Луэлла больше думала вслух, чем рассказывала историю. Она всегда гордилась своей прямотой. До свадьбы кавалеры часто говорили ей, что она «всегда играет честно», и она постаралась сохранить эту прямоту и в браке. Поэтому точку зрения Чарльза она видела так же ясно, как и свою собственную.
Будь она женой пионера фронтира, она наверняка стала бы бороться за существование бок о бок с мужем. Но здесь, в Нью-Йорке, никаких войн не предвиделось. Им не нужно было вместе бороться за грядущий мир и досуг – и того, и другого у них было в избытке. Луэлла, как и несколько тысяч подобных ей юных жен из Нью-Йорка, желала занять себя хоть чем-нибудь. Будь у нее чуточку больше денег и чуточку меньше любви, она бы наверняка увлеклась скачками или интрижками на стороне. А если бы денег у них было чуть меньше, ее лишняя энергия поглощалась бы надеждой, а возможно, и каким-нибудь предприятием. Но семья Чарльза Хэмпла находилась где-то посередине. Они принадлежали к тому огромному классу американского общества, который каждое лето проводит в Европе, с легкой завистью и жалостью к себе посмеиваясь над обычаями, традициями и укладом других стран, потому что своих традиций, обычаев и уклада у них нет. Этот класс появился буквально вчера, от отцов и матерей, которые с таким же успехом могли бы жить и двести лет назад.
Час вечернего чая неожиданно превратился в час перед ужином. Большинство столиков освободилось, в помещении слышались лишь резкие одиночные голоса и далекий внезапный смех, а в одном углу официанты даже начали застилать столы скатертями, готовясь к ужину.

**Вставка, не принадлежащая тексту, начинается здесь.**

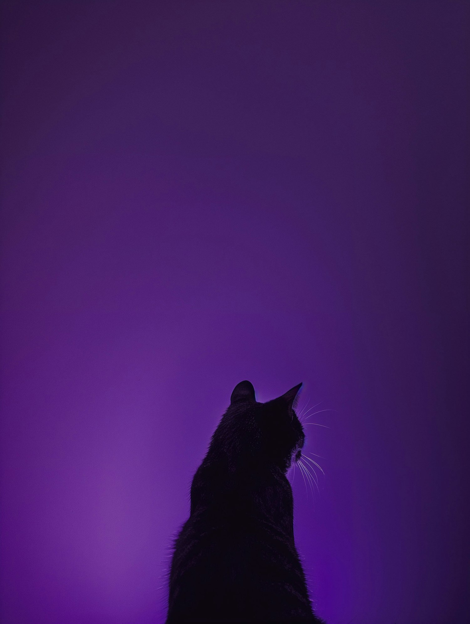 A black cat silhouetted against a vibrant purple background, creating a mysterious and serene atmosphere.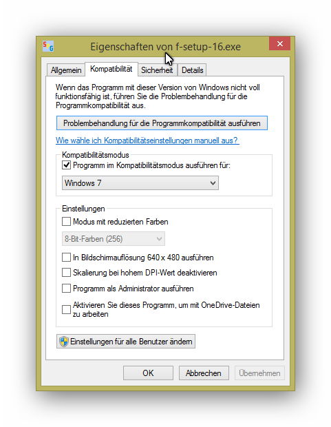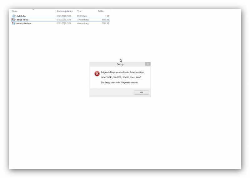 haben Sie die "f-Setup-16.exe" mit der rechten Maustaste und der "Behandlung von Kompatibilitätsprobleme" behandelt??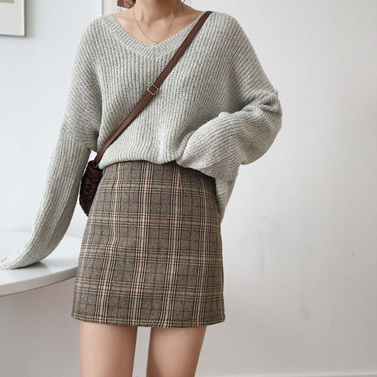 ウールタッチ生地で肌寒い冬でも可愛くあったか、秋冬定番のグレンチェック柄のミニ丈タイトスカート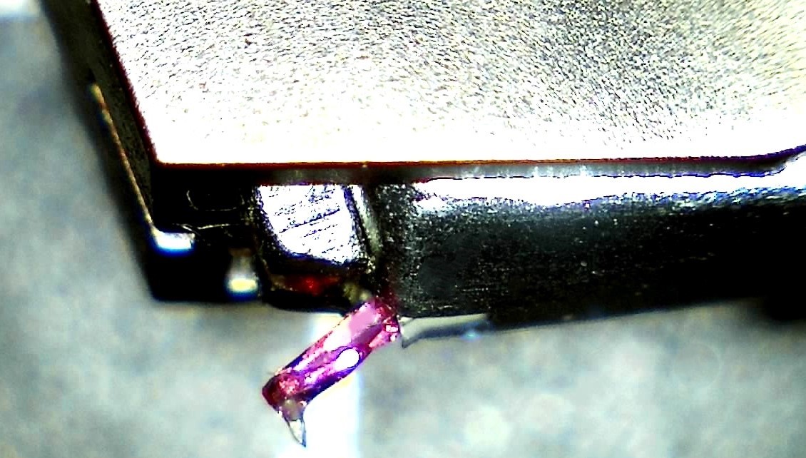 Das Dynavector Karat 23R sieht unter dem Mikroskop so aus: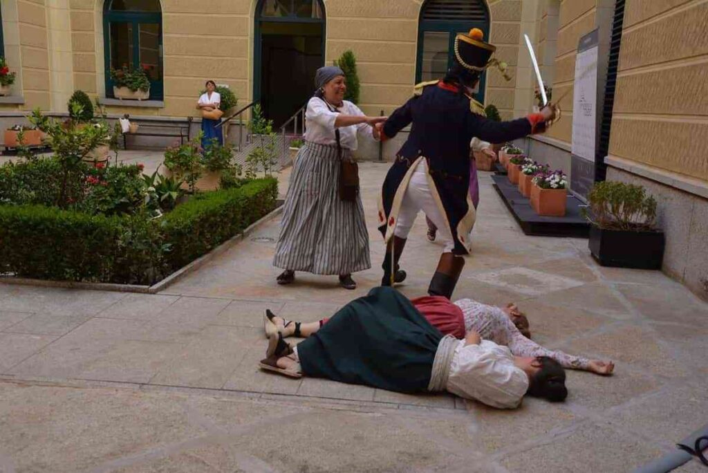 Como aperitivo de lo que será el Francisquete 2022, los miembros de la Asociación Cultural la Partida de Camuñas, que son quienes realizan las recreaciones históricas y algunos de quienes asistían caracterizados al acto de presentación, convirtieron el patio central de la Diputación de Toledo en un escenario más recreando uno de los encontronazos entre el ejército francés y el pueblo de Camuñas que tuvieron lugar en los convulsos años de la Guerra de la Independencia.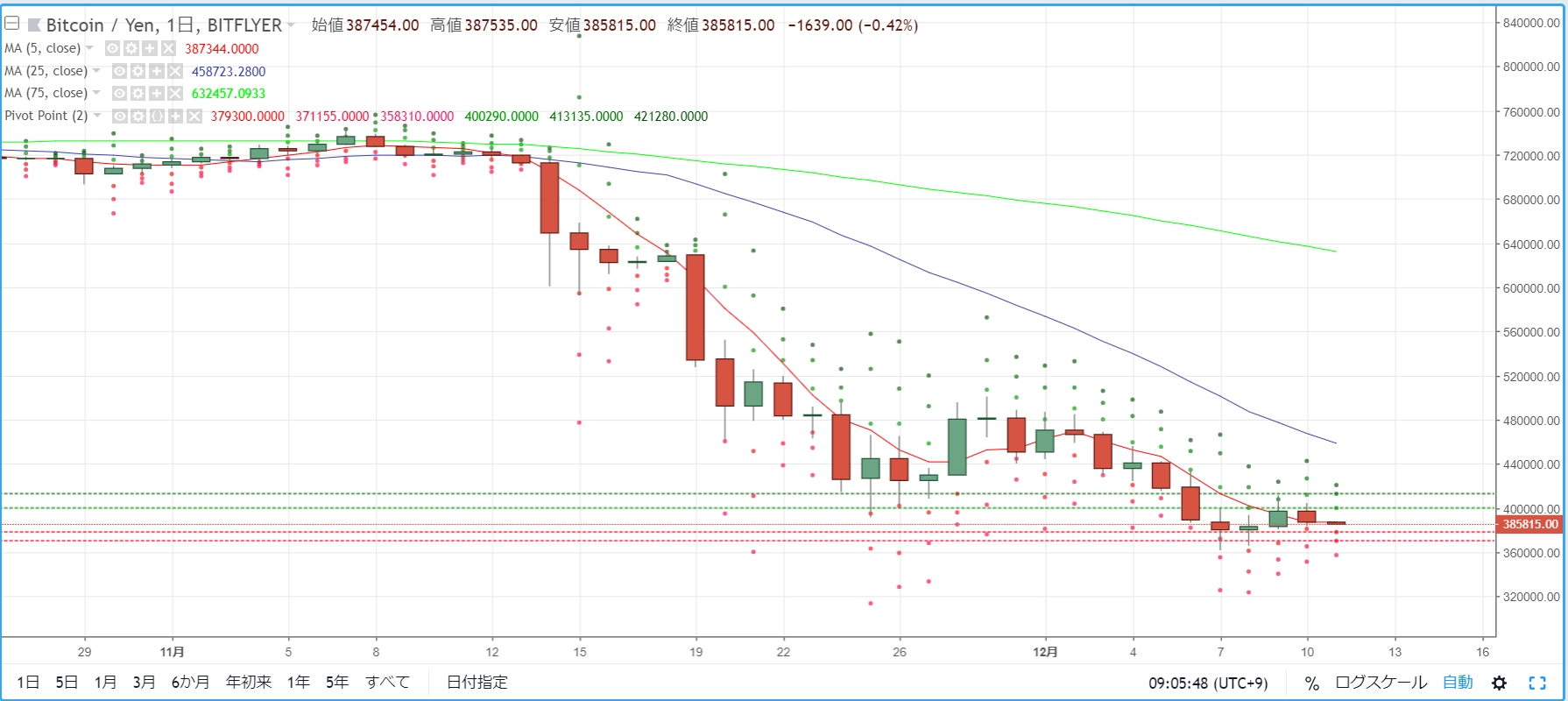 画像は2018年12月12日のキャプチャ。昨日は下げの本流に回帰し、主要どころが2~5%の下落を見せました。その流れを引き継ぎ、今日も全面的に「赤」。昨日と同じく、主要どころは2~5%の下落を続けています。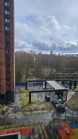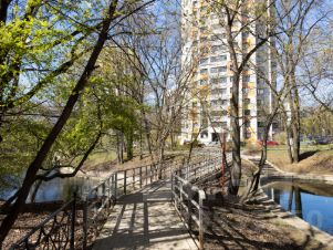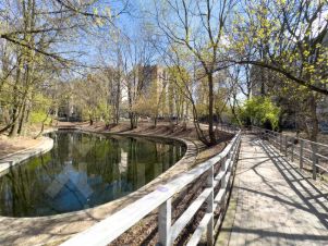 Окна выходят с одной стороны во двор, а с другой - на парковую зону с прудами.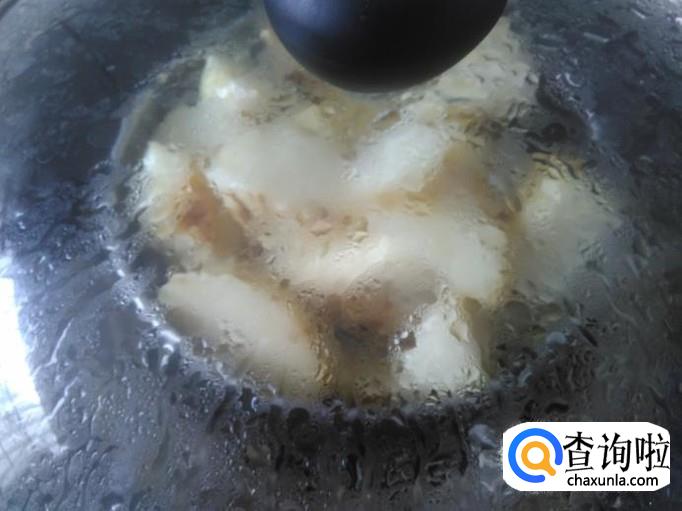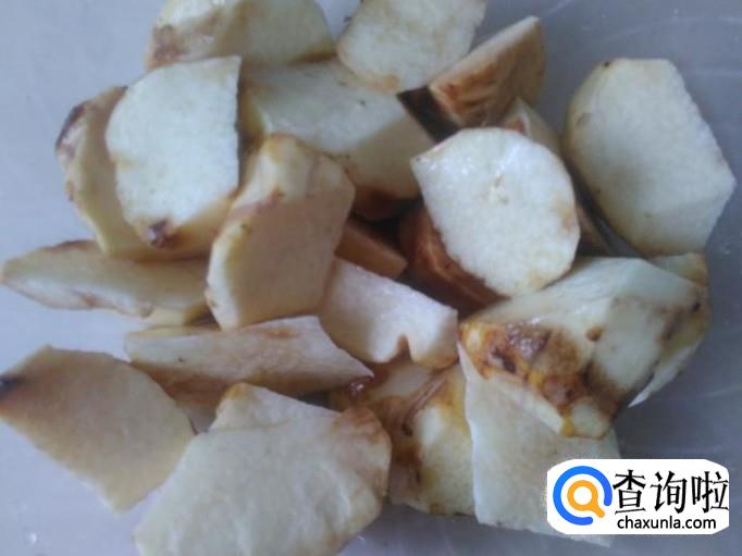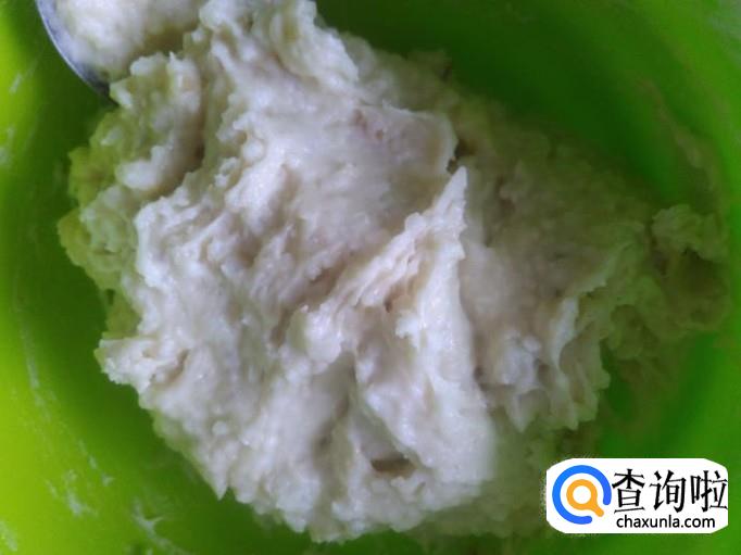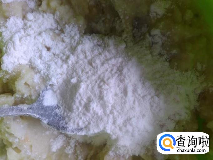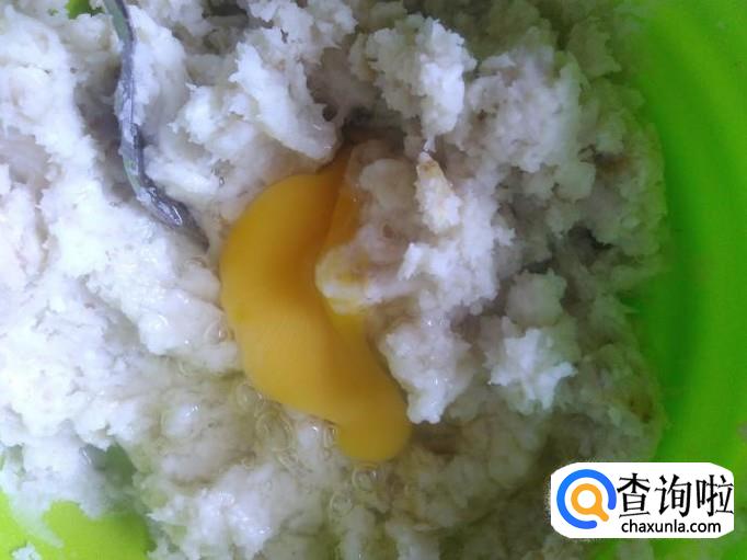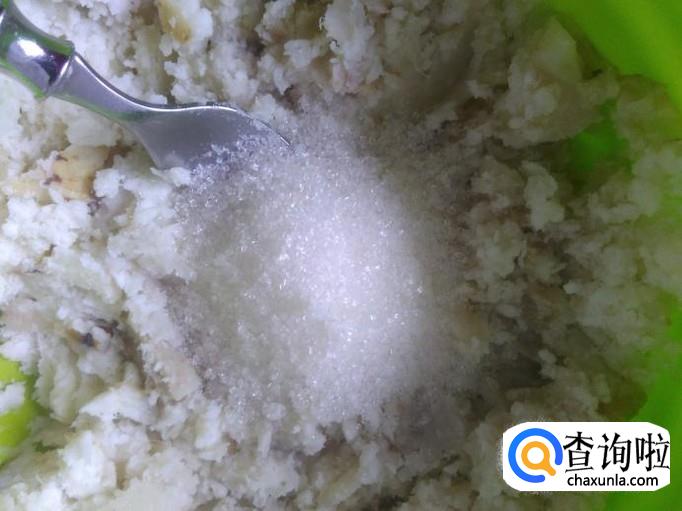 然后拿出来放到盘子里,压成薯泥,再加适量的白糖,打1个鸡蛋进去。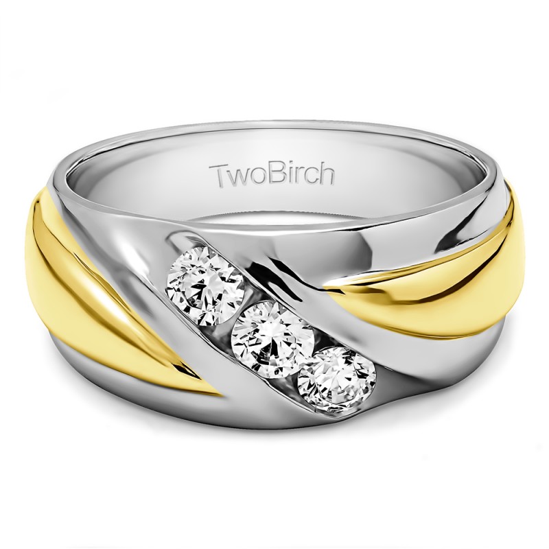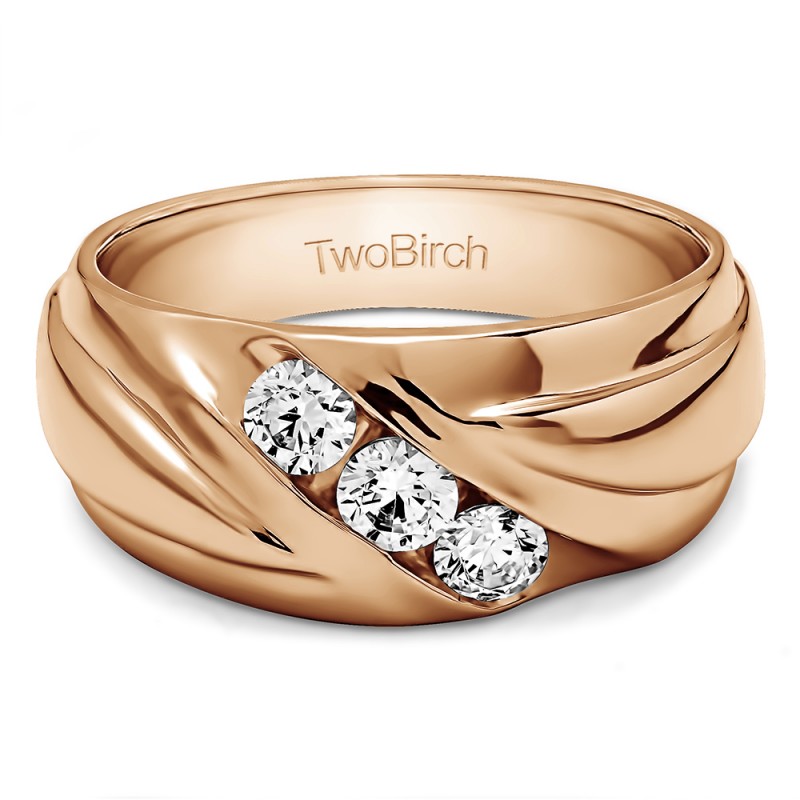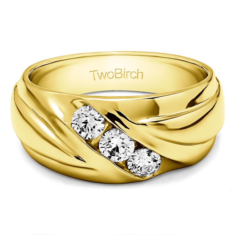 This men's ring features 3, round channel set birthstones. The band measures 5.5mm in total width. The total combined carat weight is 0.48 carats. This men's ring weighs 14.64 grams and features a comfort fit band. This men's ring has an open ended channel with a twisted shank design.

– Чарльз и я действуем друг другу на нервы. – В наступившей тишине голос Луэллы прозвенел изумительно чисто, и она стала говорить потише. – Мелочи! Он постоянно потирает лицо рукой – все время, за столом, в театре и даже в постели! Не могу на это смотреть, а когда такие вещи тебя раздражают, это означает, что конец уже близок. – Она резко замолчала, откинулась на спинку стула и накинула на шею легкое меховое боа. – Надеюсь, что не надоела тебе, Ида. Сегодня только об этом и могу разговаривать, сегодня вечером все и решится. Меня пригласили на ужин – очень интересная компания, ужин после спектакля, будут какие-то русские, певцы или танцоры, не знаю, а Чарльз сказал, что не пойдет. Если не пойдет – тогда пойду одна. И это будет конец!
Неожиданно она оперлась локтями о стол и, закрыв глаза руками в гладких перчатках, принялась рыдать, тихо и настырно. Рядом не было никого, кто мог бы их видеть, но Ида Карр подумала, что лучше бы она все-таки сняла перчатки. Тогда она смогла бы протянуть к ней руку и дотронуться до ее руки в качестве утешения. Но перчатки символизировали, как трудно сочувствовать женщине, которой жизнь дала столь много. Ида могла бы сказать, что «все образуется», что «все не так уж плохо», но не сказала ничего. Единственной реакцией стали раздражение и неприязнь.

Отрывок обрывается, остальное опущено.